The reply should hold only the lines below beginning at the one with "8月15日,金能科技股份有限" and ending at the one with "Fashion lovers take", copied exactly, with every picture left out.
(Given data)
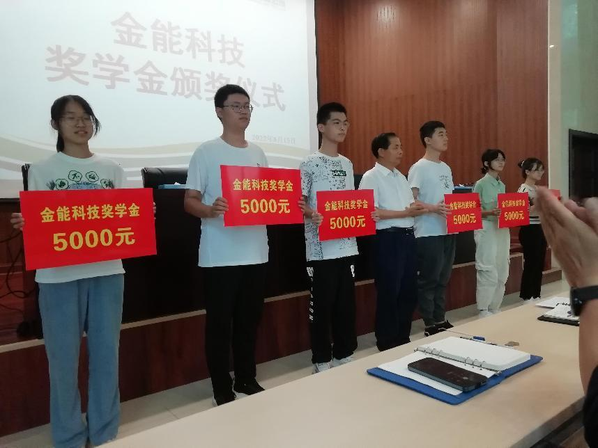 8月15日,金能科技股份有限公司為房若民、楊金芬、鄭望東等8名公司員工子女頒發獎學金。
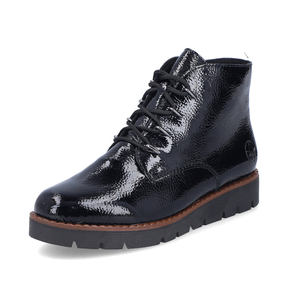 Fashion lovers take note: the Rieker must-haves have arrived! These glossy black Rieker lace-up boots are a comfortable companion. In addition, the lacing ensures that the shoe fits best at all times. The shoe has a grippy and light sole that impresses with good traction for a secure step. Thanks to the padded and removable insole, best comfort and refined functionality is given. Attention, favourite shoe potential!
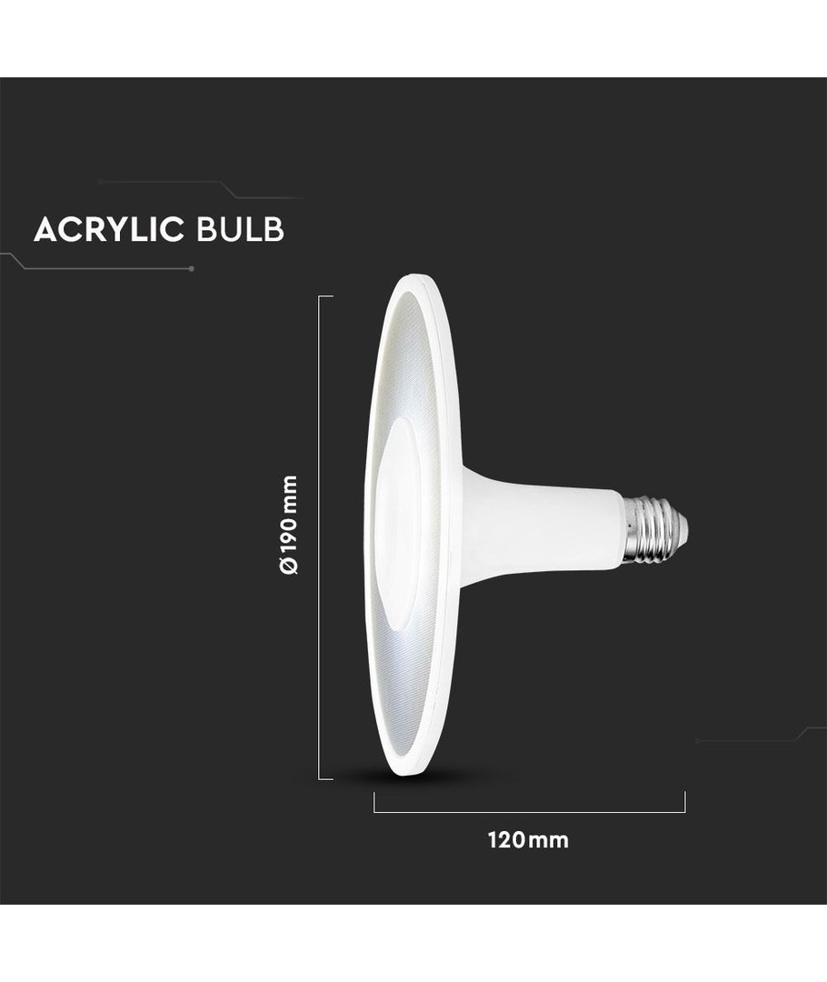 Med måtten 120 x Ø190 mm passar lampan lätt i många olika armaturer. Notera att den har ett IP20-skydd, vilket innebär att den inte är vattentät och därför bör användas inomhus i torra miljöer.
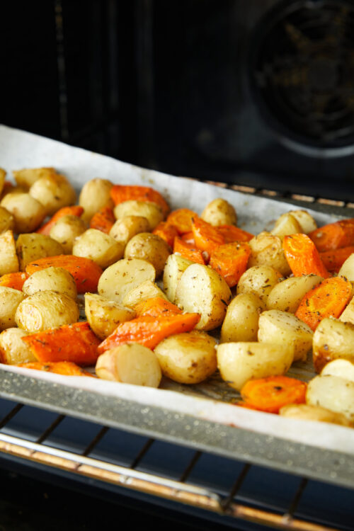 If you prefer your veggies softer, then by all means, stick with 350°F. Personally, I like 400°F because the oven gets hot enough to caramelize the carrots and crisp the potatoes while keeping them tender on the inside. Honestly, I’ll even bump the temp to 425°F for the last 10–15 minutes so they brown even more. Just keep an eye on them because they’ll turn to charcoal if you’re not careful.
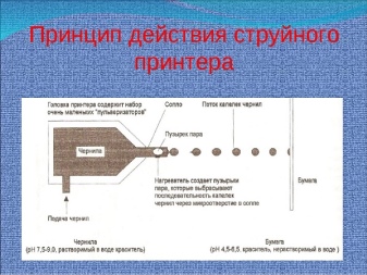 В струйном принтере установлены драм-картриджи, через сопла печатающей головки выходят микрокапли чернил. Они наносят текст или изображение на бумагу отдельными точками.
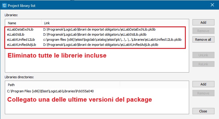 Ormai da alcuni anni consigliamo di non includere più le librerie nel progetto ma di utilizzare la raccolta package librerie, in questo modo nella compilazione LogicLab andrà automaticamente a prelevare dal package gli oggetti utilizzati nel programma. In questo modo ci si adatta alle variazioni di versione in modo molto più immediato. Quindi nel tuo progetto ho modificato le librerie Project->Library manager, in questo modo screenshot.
(End Given data)
(Given data)
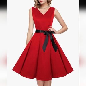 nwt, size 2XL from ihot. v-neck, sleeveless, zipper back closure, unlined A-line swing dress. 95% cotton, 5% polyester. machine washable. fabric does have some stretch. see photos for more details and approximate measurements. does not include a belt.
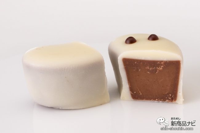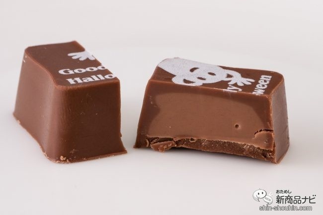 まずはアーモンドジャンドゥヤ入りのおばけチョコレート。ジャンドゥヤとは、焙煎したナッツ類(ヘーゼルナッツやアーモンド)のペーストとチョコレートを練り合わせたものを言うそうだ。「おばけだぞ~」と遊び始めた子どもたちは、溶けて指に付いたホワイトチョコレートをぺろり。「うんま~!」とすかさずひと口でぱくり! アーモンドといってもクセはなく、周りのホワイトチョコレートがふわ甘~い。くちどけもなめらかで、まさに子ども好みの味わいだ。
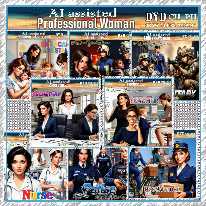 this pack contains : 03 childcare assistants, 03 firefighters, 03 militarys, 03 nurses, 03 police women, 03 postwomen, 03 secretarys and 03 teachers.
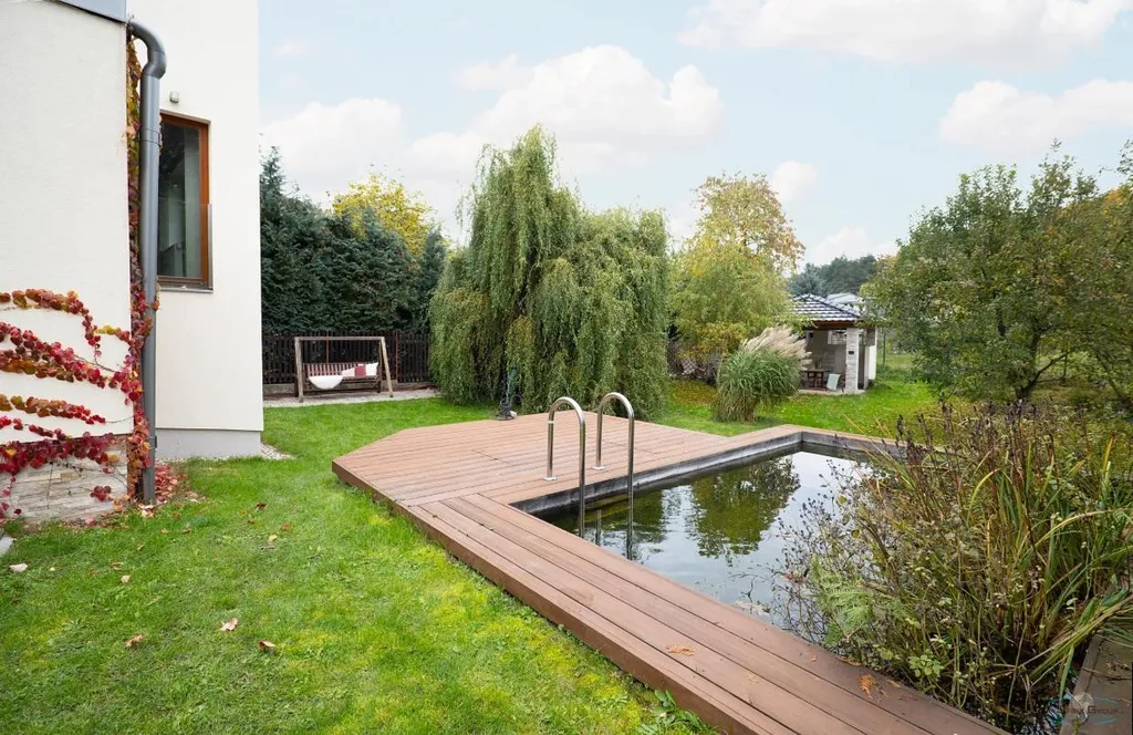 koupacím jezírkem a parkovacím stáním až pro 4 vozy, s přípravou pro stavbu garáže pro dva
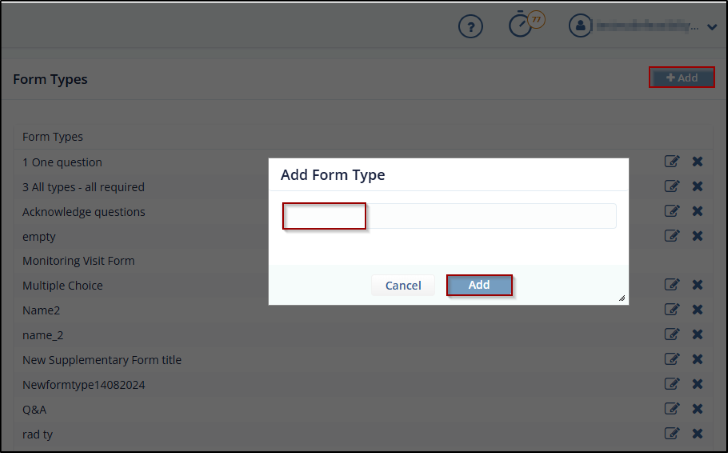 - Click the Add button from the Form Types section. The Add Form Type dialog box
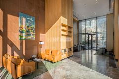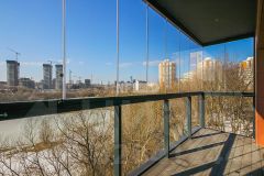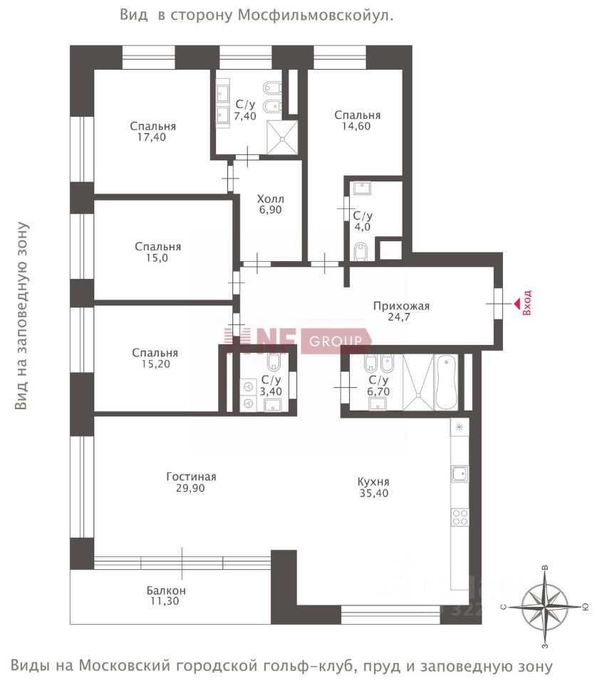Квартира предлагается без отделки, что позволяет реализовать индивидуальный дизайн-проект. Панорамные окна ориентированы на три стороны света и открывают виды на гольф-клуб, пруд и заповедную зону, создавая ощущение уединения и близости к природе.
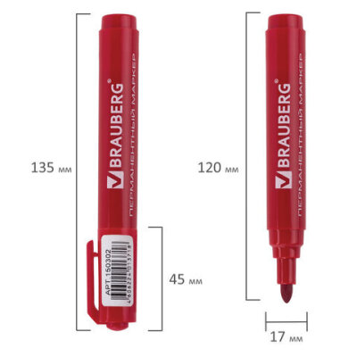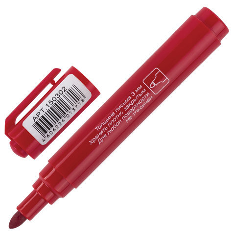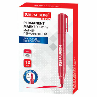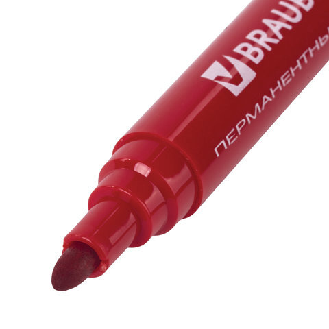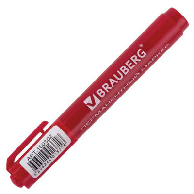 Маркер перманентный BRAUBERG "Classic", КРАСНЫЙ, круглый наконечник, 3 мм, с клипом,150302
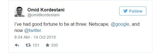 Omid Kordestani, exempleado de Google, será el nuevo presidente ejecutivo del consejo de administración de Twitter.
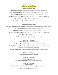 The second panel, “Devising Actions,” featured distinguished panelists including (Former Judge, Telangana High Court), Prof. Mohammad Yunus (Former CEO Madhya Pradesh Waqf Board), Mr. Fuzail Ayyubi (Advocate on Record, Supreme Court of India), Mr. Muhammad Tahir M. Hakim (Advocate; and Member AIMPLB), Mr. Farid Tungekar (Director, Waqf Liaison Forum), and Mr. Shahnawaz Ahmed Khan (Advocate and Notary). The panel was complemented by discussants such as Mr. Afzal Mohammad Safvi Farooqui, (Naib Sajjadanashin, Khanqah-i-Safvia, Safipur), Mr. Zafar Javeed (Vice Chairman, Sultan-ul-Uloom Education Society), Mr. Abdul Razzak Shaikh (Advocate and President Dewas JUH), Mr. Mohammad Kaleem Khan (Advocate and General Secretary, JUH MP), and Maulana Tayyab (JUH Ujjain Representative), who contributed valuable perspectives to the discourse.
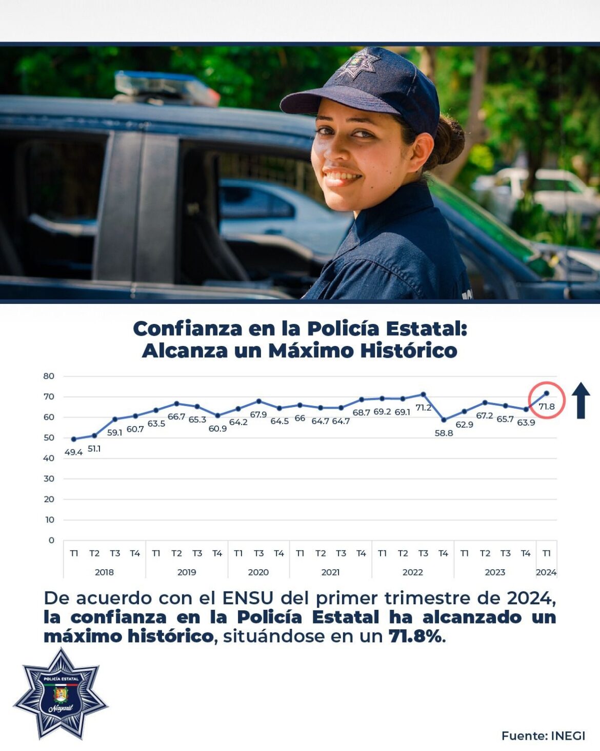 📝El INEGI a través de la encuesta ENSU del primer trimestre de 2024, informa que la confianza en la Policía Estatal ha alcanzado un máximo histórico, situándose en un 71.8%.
(End Given data)
- [Written solution]
 8月15日,金能科技股份有限公司為房若民、楊金芬、鄭望東等8名公司員工子女頒發獎學金。
 Fashion lovers take note: the Rieker must-haves have arrived! These glossy black Rieker lace-up boots are a comfortable companion. In addition, the lacing ensures that the shoe fits best at all times. The shoe has a grippy and light sole that impresses with good traction for a secure step. Thanks to the padded and removable insole, best comfort and refined functionality is given. Attention, favourite shoe potential!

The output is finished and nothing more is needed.